# s14



## HondaHater (Aug 27, 2003)




----------



## OPIUM (Aug 18, 2002)

I dunno why you would post an s14 in the s13 section but..... Good front end conversion. I'm not one for poseurification but well.. Looks like things were put together with care. I hope there is an RB under the hood.


----------



## vsp3c (May 15, 2003)

interesting..


----------



## esyip (Dec 19, 2002)

i don't see any plumbing for an FMIC. i hope it's due to the shadow. it'd be a serious shame for a car like that to have a stock KA under the hood.


----------



## OPIUM (Aug 18, 2002)

agreed


----------



## 93blackSER (Feb 1, 2003)

i have to agree with you guys. there had better be an RB under that hood, preferably the RB26. but i think it looks pretty good overall. nice and clean.


----------



## drift240sxdragqueen (Oct 23, 2002)

you can see where all his money goes into....its probably an auto too. all show car i think.


----------



## HondaHater (Aug 27, 2003)

the reason why i didnt post in the s14 cuz nobody freaking goes there. well, hardly. i just thought i'd share it wit yall. and i agree, there better be an rb26 in it.


----------



## OPIUM (Aug 18, 2002)

Oh, its not your car. Okay... you threw me for a loop there. Well good find then. And if there isn't any sort of DET under that hood, I hope he/she hits a huge speed bump at 60mph catapulting the skyline fascia onto the side of the road. The skyline is a precious artifact not to be disgraced like that. But if you think about it...at least its on a 240. I'm just glad its not on a civic or accord. Then I'd grab the lynch mobb and hit the road to burninate it.


----------



## kaptainkrollio (Jul 29, 2003)

"burninating the countryside!" TROGDOR!

and thats not a bad conversion, either


----------



## HondaHater (Aug 27, 2003)

i agree opium, at least it aint a honda. im sure he or she has a rb/sr under it, you dont look that good without beefing it up.


----------



## 180SX-X (Sep 21, 2003)

if they dont have an SR/RB in there, lets hope one is on the way...plus, that job loks real well done, the sides are molded in and everything...did anyone notice the GT-R sticker on the windsheild and grill...if an RB26ETT isnt in it...then the owner needs to crash it, survive, and know its cause no RB26 was in it...


----------



## kaptainkrollio (Jul 29, 2003)

where is the pic from, maybe we can hunt down the owner and ask what engine is in that.


----------



## Joel (Jun 11, 2003)

whats with the monster truck ride height?


----------



## 180SX-X (Sep 21, 2003)

haha, lol, monster truck. he spent all his money on the exterior, that he has nothing left, so its stock suspension...hahaha, or, he really cares about suspension travel.


----------



## kaptainkrollio (Jul 29, 2003)

maybe he goes off roading with it


----------



## HondaHater (Aug 27, 2003)

he's probably one of those 'wuss' kind of people who dont want their bumpers to get fucked up so they slow the fuck down on every bump and i dont know where this was taken.


----------



## esyip (Dec 19, 2002)

i don't know about you, but regardless of what kind of bumper or how much money was put into cosmetics of my car, i still go slow over speed bumps, coming out stores, going into stores, etc. to me, it's simple common sense so you don't fuck up your car. maybe you like doing that, i guess. *shrugs*

i agree, he could definitely put that car down at least another inch. get a tiny bit of tucking going on or something. better rims wouldn't hurt either.


----------



## Joel (Jun 11, 2003)

It should be a bees dick off the ground.
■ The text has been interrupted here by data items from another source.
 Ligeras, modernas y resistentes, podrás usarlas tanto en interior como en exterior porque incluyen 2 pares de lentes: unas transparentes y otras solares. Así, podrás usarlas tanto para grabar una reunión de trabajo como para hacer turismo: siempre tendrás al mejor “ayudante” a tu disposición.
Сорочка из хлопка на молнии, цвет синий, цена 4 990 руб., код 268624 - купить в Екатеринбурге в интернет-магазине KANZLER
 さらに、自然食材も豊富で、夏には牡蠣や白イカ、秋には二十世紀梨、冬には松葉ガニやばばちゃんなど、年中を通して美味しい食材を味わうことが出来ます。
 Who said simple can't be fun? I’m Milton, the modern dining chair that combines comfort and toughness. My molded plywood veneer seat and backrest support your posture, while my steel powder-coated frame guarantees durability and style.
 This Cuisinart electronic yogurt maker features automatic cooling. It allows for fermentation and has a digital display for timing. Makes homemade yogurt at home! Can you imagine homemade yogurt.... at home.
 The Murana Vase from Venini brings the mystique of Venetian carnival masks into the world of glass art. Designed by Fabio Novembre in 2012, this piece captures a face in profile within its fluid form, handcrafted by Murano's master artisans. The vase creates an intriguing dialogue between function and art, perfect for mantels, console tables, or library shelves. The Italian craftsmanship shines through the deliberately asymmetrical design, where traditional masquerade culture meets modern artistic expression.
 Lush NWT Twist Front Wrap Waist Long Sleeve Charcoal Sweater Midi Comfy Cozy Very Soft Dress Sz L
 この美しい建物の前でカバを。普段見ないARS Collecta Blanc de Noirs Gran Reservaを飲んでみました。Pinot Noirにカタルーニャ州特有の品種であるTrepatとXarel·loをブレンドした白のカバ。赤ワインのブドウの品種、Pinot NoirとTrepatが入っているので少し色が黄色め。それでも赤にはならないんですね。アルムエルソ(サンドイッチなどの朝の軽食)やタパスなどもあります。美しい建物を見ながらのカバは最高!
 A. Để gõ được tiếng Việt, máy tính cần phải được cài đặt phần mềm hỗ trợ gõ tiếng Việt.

You should see my original veilside front bar. Not pretty as I had an altercation with a tree root.


----------



## drift240sxdragqueen (Oct 23, 2002)

i go slow over speed bumps and i got a stock 240sx...


----------



## RB26Maxima (Dec 6, 2003)

i think everybody does slow down unless they like replacing suspensions,rims and front bumpers for some odd reason


----------



## OPIUM (Aug 18, 2002)

Joel said:


> whats with the monster truck ride height?


thats not monster truck ride height. Check out my old b13 sentra


----------



## RB26Maxima (Dec 6, 2003)

OPIUM said:


> thats not monster truck ride height. Check out my old b13 sentra


NICE!!! you always got a picture not matter what the situation is...good one


----------



## OPIUM (Aug 18, 2002)

hahahah that I do


----------



## vsp3c (May 15, 2003)

OPIUM said:


> hahahah that I do


tru dat :thumbup:


----------



## drift240sxdragqueen (Oct 23, 2002)

cha cha cha cha chop


----------



## OniFactor (Nov 4, 2003)

for some reason, that conversion pic is screaming photoshop to me.. but, as for the monster b-13.. i dunno.. my old b-12 was pretty monster-truck-ish. :-D


----------



## vsp3c (May 15, 2003)

OniFactor said:


> for some reason, that conversion pic is screaming photoshop to me.. but, as for the monster b-13.. i dunno.. my old b-12 was pretty monster-truck-ish. :-D


it looks pretty real to me.. and if it's a photoshopl.. wow.


----------



## OniFactor (Nov 4, 2003)

vsp3c said:


> it looks pretty real to me.. and if it's a photoshopl.. wow.


i think it's because of how pixelated the line between the hood and fender looks, compared to the rest, and then the really really smooth-to-the-point-of-being-blurry paint, right next to it.. but.. then again, it might just be my 5 year old monitors playing tricks on my eyes.. but... who knows. it's still puuurrrddddddyyy. lol


----------